При остро возникшем перекручивании ножки кисты яичника у больной внезапно появляются сильные боли в животе (особенно в его нижних отделах), сопровождающиеся тошнотой, рвотой, учащением пульса, повышением температуры до 38°С. Передняя брюшная стенка обычно напряжена и болезненна, симптом Щеткина-Блюмберга положи-тельный. Резкий болевой синдром может сопровождаться признаками шока (бледность кожных покровов и слизистых оболочек, похолодание конечностей, частый пульс, снижение артериального давления и др.). Необходимо отметить, что симптомы перитонита и шока могут быть не только при перекруте ножки кисты, но и при разрыве капсулы кистозного образования с излитием содержимого в брюшную полость.

Анамнез и клинические данные у нашей больной позволяют поставить диагноз - маточная беременность сроком 11 нед и перекрут ножки кисты правого яичника. Диагноз маточной беременности подтверждается прежде всего соответствием размеров матки длительности задержки менструаций, наличием цианоза слизистой оболочки влагалища и влагалищной части шейки матки, признаков Снегирева, Горвица - Гегара. На кисту яичника указывает наличие округлого образования с гладкой поверхностью, эластической консистенции, расположенного кзади и справа от матки. Такое расположение обычно характерно для большинства опухолей яичников. Внезапное начало заболевания после физического напряжения, резко выраженные боли внизу живота, рвота, повышение температуры и перитонеальные симптомы, безусловно, свидетельствуют о перекруте ножки кисты.

С какими заболеваниями необходимо дифференцировать перекрут ножки кисты яичника у больной, имеющей маточную беременность сроком 11 нед?

Сходная клиническая картина может наблюдаться при апоплексии яичника, прервавшейся внематочной бере-менности, перекручивании гидросальпинкса и субсербзного узла миомы матки, остром воспалительном процессе придатков матки, остром аппендиците, печеночной колике и острой кишечной непроходимости.

Апоплексия яичника чаще наблюдается в середине менструального цикла (в момент овуляции) и сопровождается острым внутрибрюшным кровотечением. Внематочная беременность обычно прерывается на 4-6-й или 8-й неделе беременности. У этих больных в анамнезе часто имеются указания на инфантилизм, воспалительные заболевания придатков матки и вторичное бесплодие. При внематочной беременности преобладают симптомы внутреннего кровотечения и кол-лапса, а не раздражения брюшины. Необходимо обращать внимание на характер болей и их иррадиацию. При разрыве трубы они бывают острые, режущие, а при трубном аборте - схваткообразные. Боли почти всегда иррадиируют в область прямой кишки и наружных половых органов. Температура обычно нормальная или несколько повышенная, пульс частый и слабого наполнения, артериальное давление снижается значительно. При влагалищном исследовании в области придатков матки пальпируют тестоватое образование овоидной формы, а не округлую эластическую кисту, как это было у нашей больной. Характерный симптом внематочной беременности - мажущиеся темно-кровянистые выделения из половых путей. Однако при отсутствии этих выделений нельзя полностью отрицать наличие нарушенной внематочной беременности.
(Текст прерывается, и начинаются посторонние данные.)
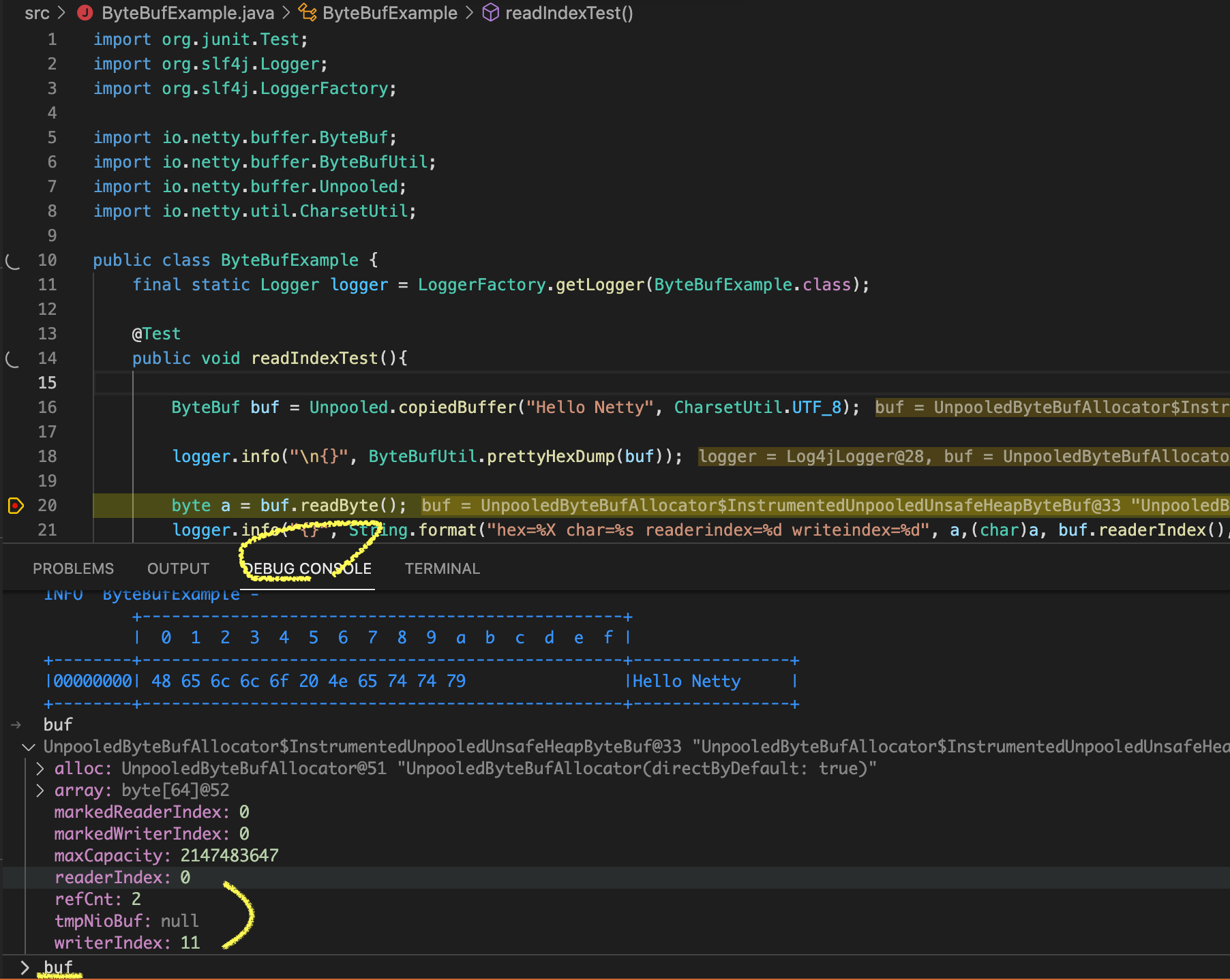 VS Code에서 Test를 디버그로 돌려 ByteBuf의 모습을 보자

Клиническая картина перекрута гидросальпинкса почти аналогична таковой при перекручивании ножки кисты. Большое значение при этом имеют анамнестические указания на бывший хронический воспалительный процесс придатков матки. Субсерозный узел миомы отличается от кисты яичника своей плотной консистенцией. Кроме того, он редко бывает изолированным и часто сочетается с интерстициальными узлами.

Острое воспаление придатков матки гонорейной этиологии чаще бывает двусторонним и обычно сочетается с другими проявлениями этой инфекции (уретрит, цервицит и т. д.). При воспалении придатков матки септической этиологии всегда удается установить связь с предшествующими абортами, родами, диагностическим выскабливанием или с каким-либо другим внутриматочным вмешательством.

Определенные трудности представляет дифференциальная диагностика перекрута ножки кисты яичника и острого аппендицита. При последнем боли начинаются в эпигастрии или в области пупка и только позднее локализуются в правой подвздошной области, при влагалищном исследовании придатки не изменены.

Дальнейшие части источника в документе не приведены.